Beneath this line sits some data. Return only its lines from the one holding "İstediğiniz soruları seçip" through the one holding "ヘコむあだ名 | 『かたくらみずき(小並感)』『かたにー』 |", inclusive, exactly, with the images removed.

Data extracted from a collection
_ _ _ _ _

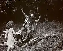 Running at 12 minutes long,[5] intertitles are used to link the short scenes but do not use Shakespeare's own prose. Several elaborate scenes were filmed in the studio which drew on Percy Stow's trick-photography expertise, including where Prospero summons up the tempest, which the BFI describes as being reminiscent of the work of the French film pioneer Georges Méliès.[3] The scene where Ariel disappears and reappears while being chased by Ferdinand was achieved by simply using a jump cut - stopping filming and the actress moving in and out of shot.[2] The scene is comic and emphasises the playful nature of Ariel but is also an effect that could not be replicated on stage giving the film an advantage over the theatre in what Judith Buchanan called an 'ambiguity of styles'.[4][6]
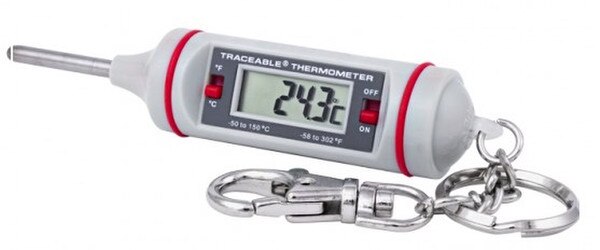 Pocket-size Key-Chain Thermometer is perfect for carrying with you. Clip to a lab coat buttonhole, jacket zipper, or belt loop, or use it with your keys. Hang in storerooms or fume hoods for easy monitoring. Fast, one-second response makes it ideal for measuring ambient air temperature. One-inch stainless-steel probe is designed for penetration of semi-solids and liquid measurements. Provides accurate readings when immersed only 1/3-inch.
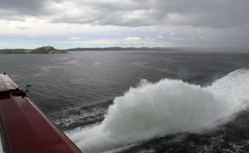 etwa 25km/h gab der Kapitän Gas und das Schiff beschleunigte in kürzester Zeit
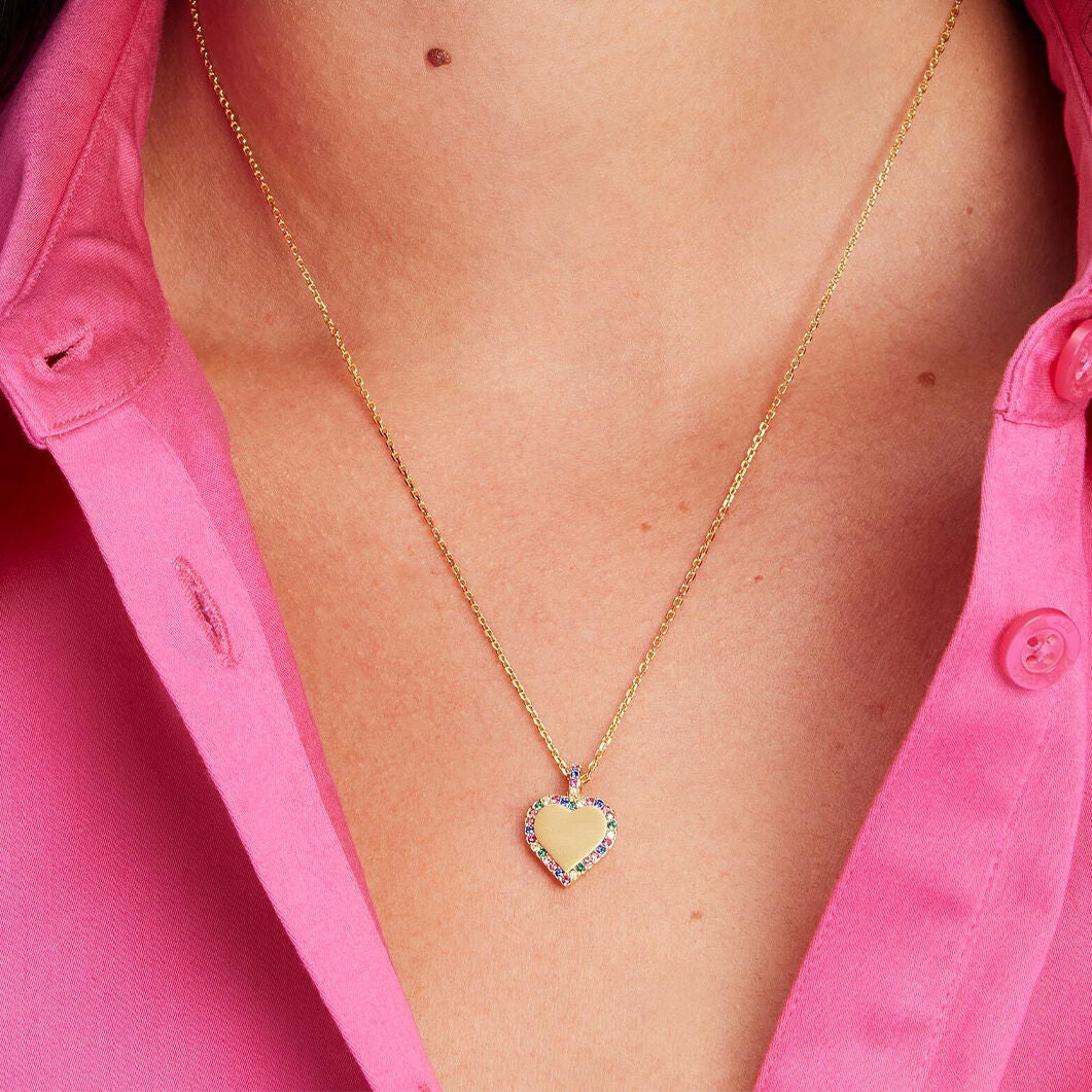 The heart wants what it wants: a pretty pendant with colorful crystal accents. The Take Heart Pendant in Gold & Multi CZ is plated in 18k gold and measures 18" + 3" extender.
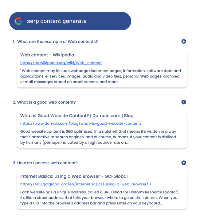 İstediğiniz soruları seçip brief'inize ekleyin. İçeriğiniz bu soruları yanıtlayacak şekilde üretilir.
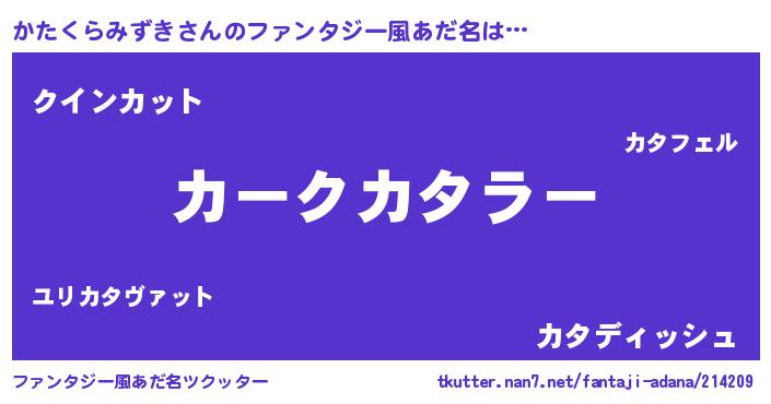 | ヘコむあだ名 | 『かたくらみずき(小並感)』『かたにー』 |
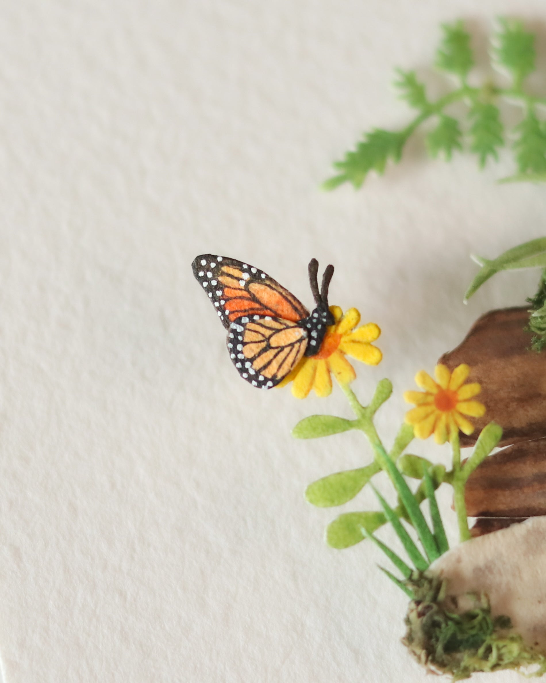 Handcrafted in layered paper with fine detail, this piece continues the series’ celebration of harmony between birds and their natural floral surroundings, all in miniature form.
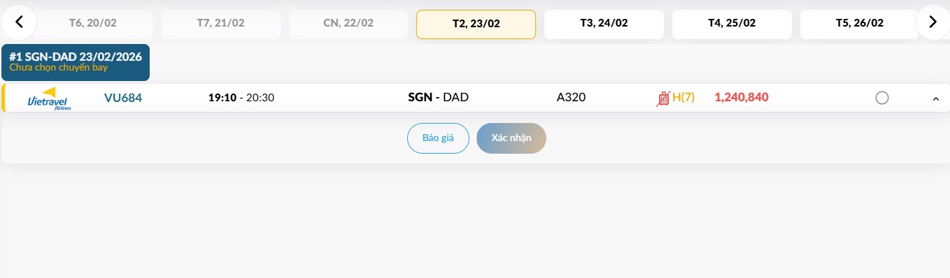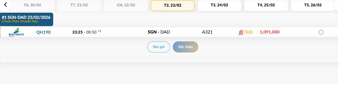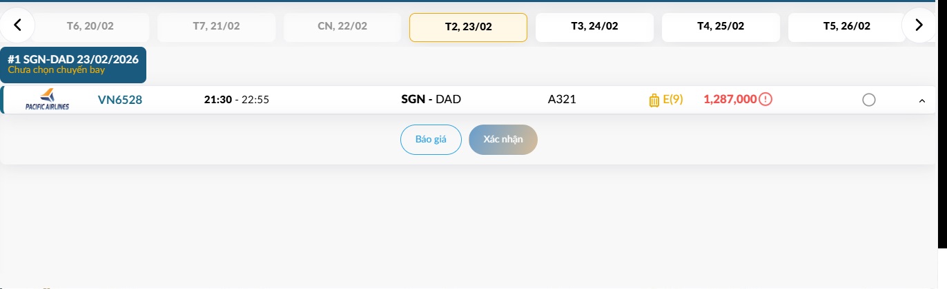 TP. Hồ Chí Minh (SGN) - Đà Nẵng (DAD) Thứ hai 23/02/2026
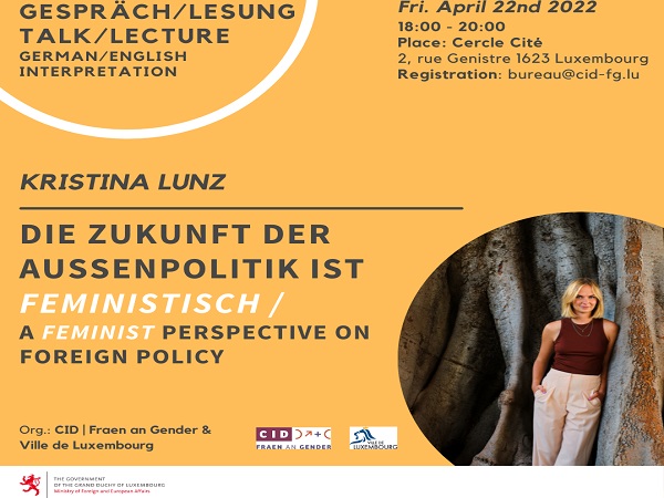 The CID Fraen an Gender information centre and the City of Luxembourg (Ville de Luxembourg - VdL) are organising, under the patronage of the Ministry of Foreign and European Affairs, an event with German activist and feminist Kristina Lunz at Cercle Cité in Luxembourg-Ville on Friday 22 April 2022, from 18:00 to 20:00.

_ _ _ _ _

Written solution ▸
 İstediğiniz soruları seçip brief'inize ekleyin. İçeriğiniz bu soruları yanıtlayacak şekilde üretilir.
 | ヘコむあだ名 | 『かたくらみずき(小並感)』『かたにー』 |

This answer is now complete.